The perspective of its Hungarian expatriate academic author is one of the books’ strengths. Mayer has no illusions in the dominant 20th century forms of Marxism. But he understands why even the distorted, Stalinist form of socialism presented ordinary people in the colonised and neo-colonial countries with an attractive alternative to capitalism.

This is important in the history of the Nigerian labour, feminist and socialist movements, which were influenced by the Soviet Union and its Eastern European allies from the 1940s until their implosion in 1989. As Mayer points out, however, Nigerian Marxism was always heterodox and even the more pro-Moscow socialists were not without scepticism.

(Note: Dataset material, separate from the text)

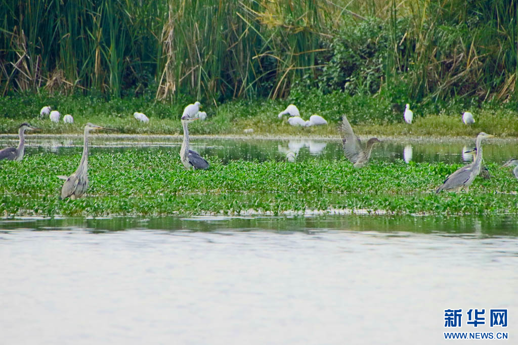 湖泉生态园里的苍鹭和白鹭(6月28日摄)。新华网发(赵树龙 摄)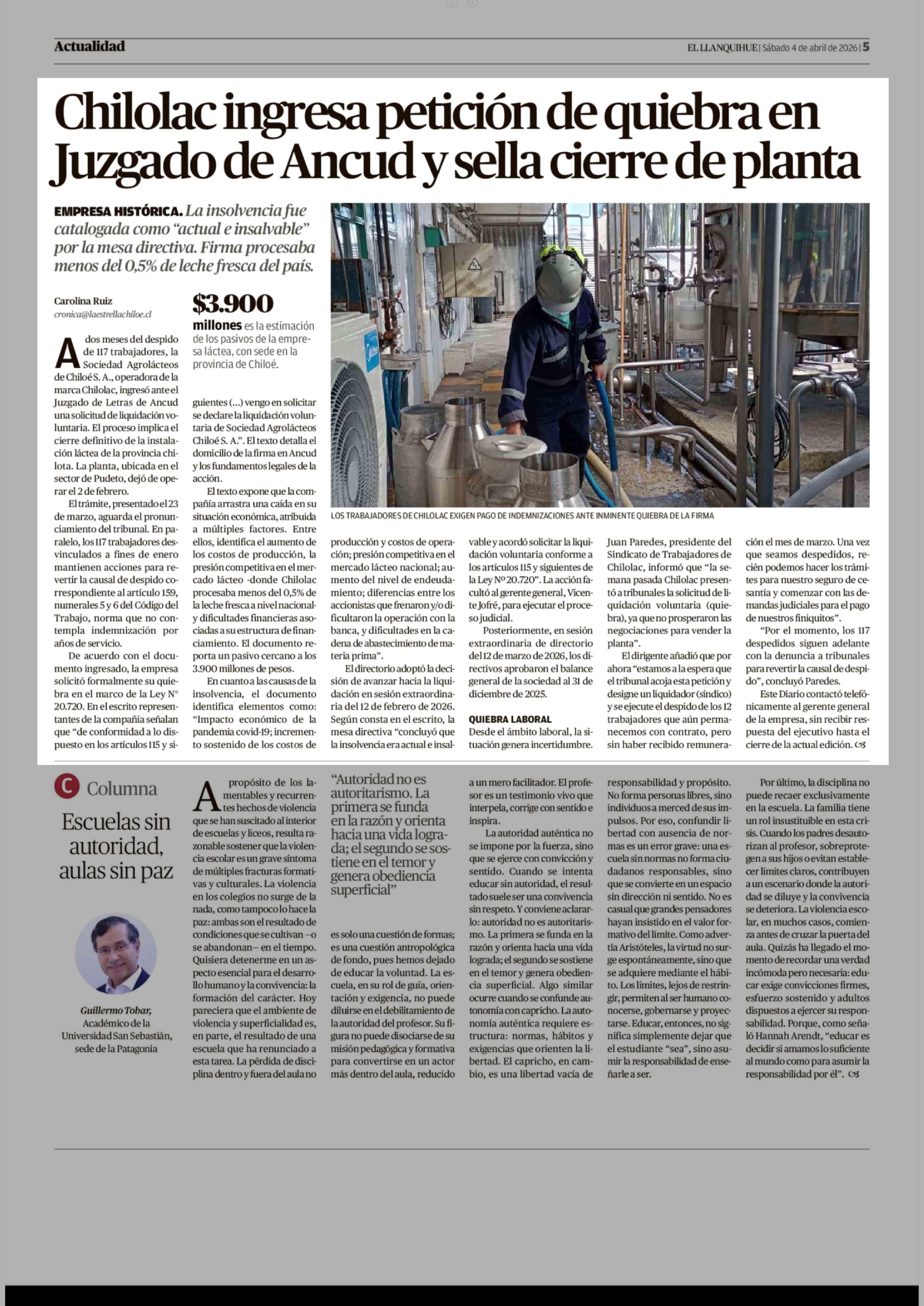 Chilolac ingresa petición de quiebra en Juzgado de Ancud y sella cierre de planta 04-04-2026 El Llanquihue |

The book’s title refers to “Marxisms” in the plural, and it details several, often competing schools of Marxism in Nigeria. This is double-edged: Nigerian Marxism gained a richness from such pluralism, but a lack of unity plagued the Nigerian left (as in so many other places).

The shock waves from the implosion of Eastern European socialism were felt in Nigeria. These were amplified by the International Monetary Fund-imposed deindustrialisation that, at the same time, devastated the Nigerian working class.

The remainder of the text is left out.